In some embodiments, the term genetic marker is also intended to describe a phenotypic effect of an allele or haplotype, including for example, an increased or decreased amount of a messenger RNA, an increased or decreased amount of protein, an increase or decrease in the copy number of a gene, production of a defective protein, tissue or organ, etc., as would be well known to one of ordinary skill in the art.
An “allele” as used herein refers to one of two or more alternative forms of a nucleotide sequence at a given position (locus) on a chromosome. An allele can be a nucleotide present in a nucleotide sequence that makes up the coding sequence of a gene and/or an allele can be a nucleotide in a non-coding region of a gene (e.g., in a genomic sequence). A subject's genotype for a given gene is the set of alleles the subject happens to possess. As noted herein, an individual can be heterozygous or homozygous for any allele of this invention.
Also as used herein, a “haplotype” is a set of alleles on a single chromatid that are statistically associated. It is thought that these associations, and the identification of a few alleles of a haplotype block, can unambiguously identify all other alleles in its region. The term “haplotype” is also commonly used to describe the genetic constitution of individuals with respect to one member of a pair of allelic genes; sets of single alleles or closely linked genes that tend to be inherited together.
The terms “increased risk” and “decreased risk” as used herein define the level of risk that a subject has of developing a particular cancer, as compared to a control (e.g., a subject or a population of subjects; i.e., a general population) that does not have the polymorphisms and alleles of this invention in the control nucleic acid.
A sample of this invention can be any sample containing nucleic acid of a subject, as would be well known to one of ordinary skill in the art. Nonlimiting examples of a sample of this invention include a cell, a body fluid, a tissue, biopsy material, a washing, a swabbing, etc., as would be well known in the art.

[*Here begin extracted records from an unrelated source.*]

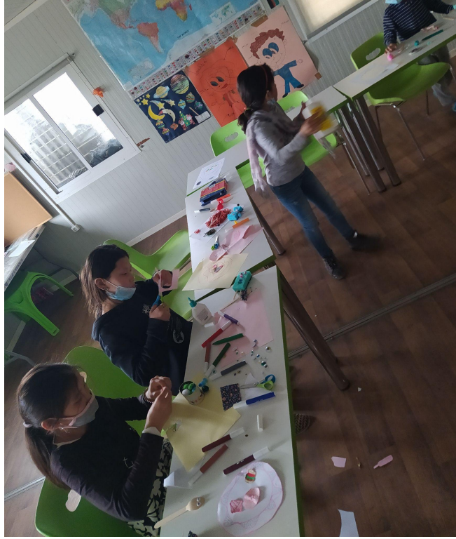
Εικ.15 Ανταλλαγή ιδεών και υλικών
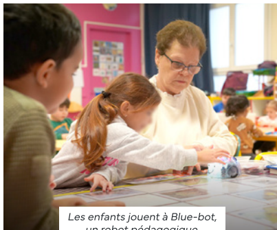
Les enfants jouent à Blue-bot, un robot pédagogique.
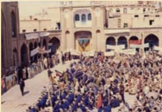
شکل ۱۱-۴- عزیمت رزمندگان روحانی به جبهه‌ها
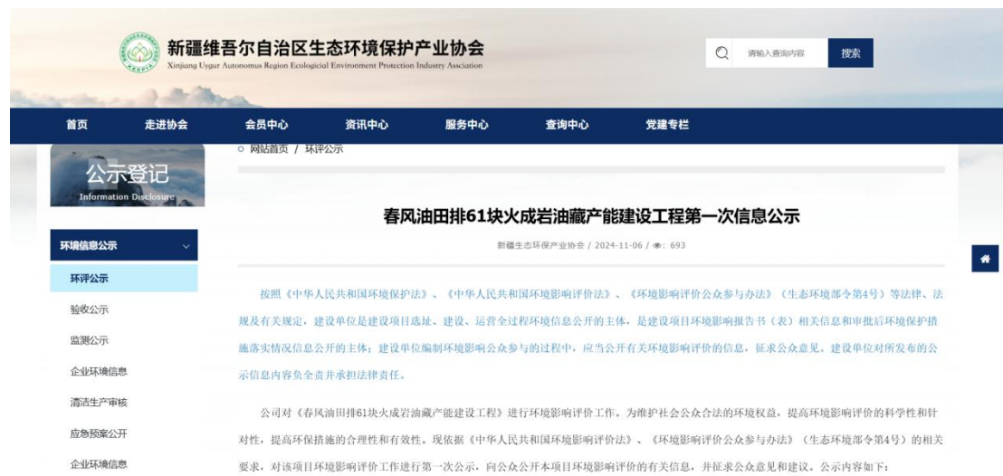
图 2.2-1 本项目第一次网络公示截图

中石化新疆新春石油开发有限责任公司在新疆维吾尔自治区生态环境保护产业协会网站开展网络公示，载体选择符合《环境影响评价公众参与办法》要求。公示链接： http://www.xjhbcy.cn/articles/show/14263 ，网络公示截图见图 2.2-1。

A subject of this invention is any animal that is susceptible to any of the cancers as defined herein and can include, for example, humans, as well as animal models of cancer (e.g., rats, mice, dogs, nonhuman primates, etc.). In some aspects of this invention, the subject can be Caucasian (e.g., white; European-American; Hispanic), as well as of black African ancestry (e.g., black; African American; African-European; African-Caribbean, etc.) or Asian. In further aspects of this invention, the subject can have a family history of a particular cancer (e.g., having at least one first degree relative having or diagnosed with the cancer) and in some embodiments, the subject does not have or does not have knowledge of a family history of the particular cancer, Additionally a subject of this invention can have a diagnosis of a particular cancer in certain embodiments and in other embodiments, a subject of this invention does not have a diagnosis of a particular cancer.

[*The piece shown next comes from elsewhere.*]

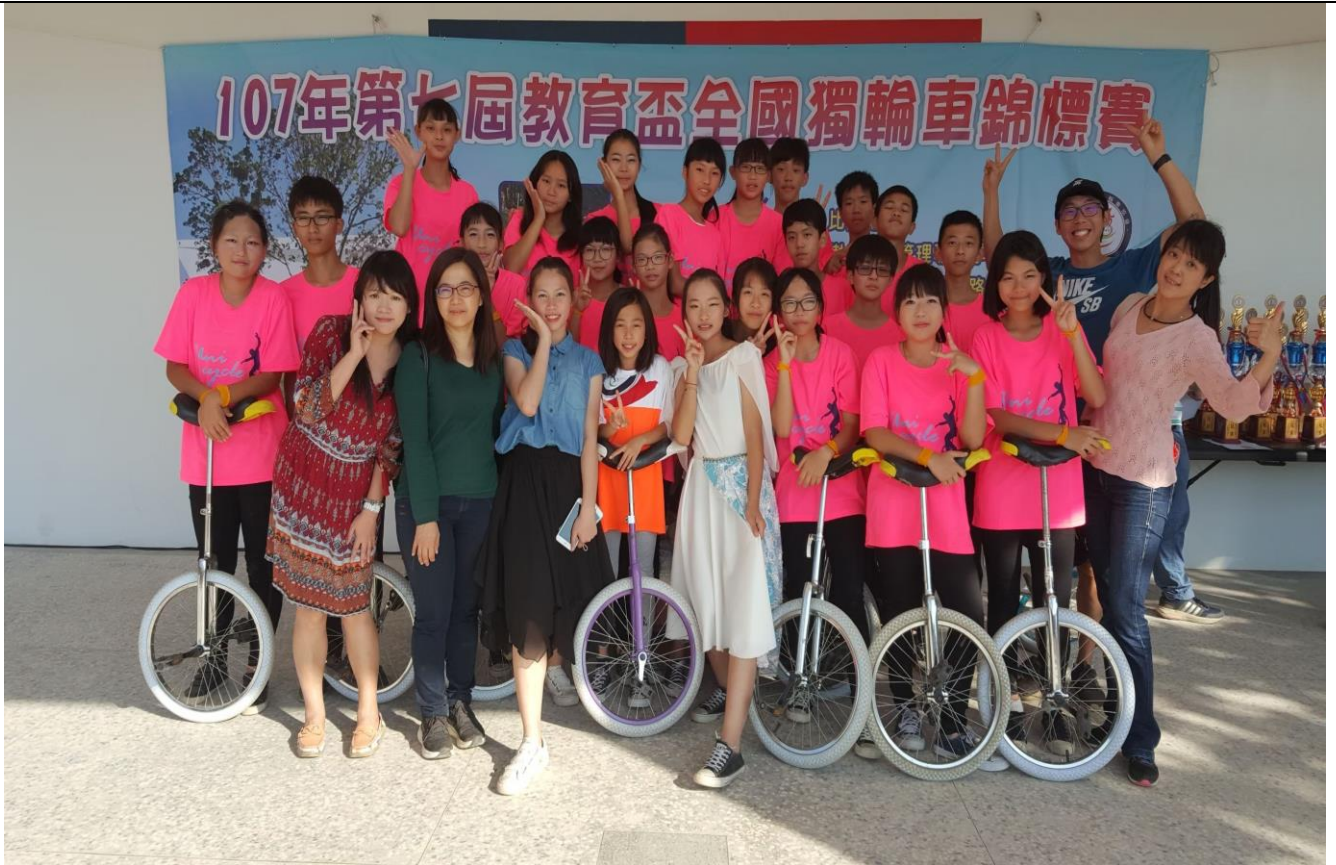
107 年 教育盃 全國獨輪車錦標賽

As used herein, “nucleic acid” encompasses both RNA and DNA, including cDNA, genomic DNA, mRNA, synthetic (e.g., chemically synthesized) DNA and chimeras, fusions and/or hybrids of RNA and DNA. The nucleic acid can be double-stranded or single-stranded. Where single-stranded, the nucleic acid can be a sense strand or an antisense strand. In some embodiments, the nucleic acid can be synthesized using oligonucleotide analogs or derivatives (e.g., inosine or phosphorothioate nucleotides, etc.). Such oligonucleotides can be used, for example, to prepare nucleic acids that have altered base-pairing abilities or increased resistance to nucleases.

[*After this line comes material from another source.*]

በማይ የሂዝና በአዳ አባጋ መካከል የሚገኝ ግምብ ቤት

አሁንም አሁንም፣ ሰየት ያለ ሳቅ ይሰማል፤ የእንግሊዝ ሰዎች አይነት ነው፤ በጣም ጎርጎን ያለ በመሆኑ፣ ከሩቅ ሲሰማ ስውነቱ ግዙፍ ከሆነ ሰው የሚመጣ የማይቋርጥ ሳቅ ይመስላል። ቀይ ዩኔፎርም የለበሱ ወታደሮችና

An “isolated nucleic acid” is a nucleotide sequence that is not immediately contiguous with nucleotide sequences with which it is immediately contiguous (one on the 5′ end and one on the 3′ end) in the naturally occurring genome of the organism from which it is derived or in which it is detected or identified. Thus, in one embodiment, an isolated nucleic acid includes some or all of the 5′ non-coding (e.g., promoter) sequences that are immediately contiguous to a coding sequence. The term therefore includes, for example, a recombinant DNA that is incorporated into a vector, into an autonomously replicating plasmid or virus, or into the genomic DNA of a prokaryote or eukaryote, or which exists as a separate molecule (e.g., a cDNA or a genomic DNA fragment produced by PCR or restriction endonuclease treatment), independent of other sequences. It also includes a recombinant DNA that is part of a hybrid nucleic acid encoding an additional polypeptide or peptide sequence.
The term “isolated” can refer to a nucleic acid or polypeptide that is substantially free of cellular material, viral material, and/or culture medium (e.g., when produced by recombinant DNA techniques), or chemical precursors or other chemicals (when chemically synthesized). Moreover, an “isolated fragment” is a fragment of a nucleic acid or polypeptide that is not naturally occurring as a fragment and would not be found in the natural state.
The term “oligonucleotide” refers to a nucleic acid sequence of at least about five nucleotides to about 500 nucleotides (e.g. 5, 6, 7, 8, 9, 10, 12, 15, 18, 20, 21, 22, 25, 30, 35, 40, 45, 50, 55, 60, 65, 70, 75, 80, 85, 90, 100, 125, 150, 175, 200, 250, 300, 350, 400, 450 or 500 nucleotides). In some embodiments, for example, an oligonucleotide can be from about 15 nucleotides to about 30 nucleotides, or about 20 nucleotides to about 25 nucleotides, which can be used, for example, as a primer in a polymerase chain reaction (PCR) amplification assay and/or as a probe in a hybridization assay or in a microarray. Oligonucleotides of this invention can be natural or synthetic, e.g., DNA, RNA, PNA, LNA, modified backbones, etc., as are well known in the art.
The present invention further provides fragments of the nucleic acids of this invention, which can be used, for example, as primers and/or probes. Such fragments or oligonucleotides can be detectably labeled or modified, for example, to include and/or incorporate a restriction enzyme cleavage site when employed as a primer in an amplification (e.g., PCR) assay.
The detection of a polymorphism, genetic marker or allele of this invention can be carried out according to various protocols standard in the art and as described herein for analyzing nucleic acid samples and nucleotide sequences, as well as identifying specific nucleotides in a nucleotide sequence.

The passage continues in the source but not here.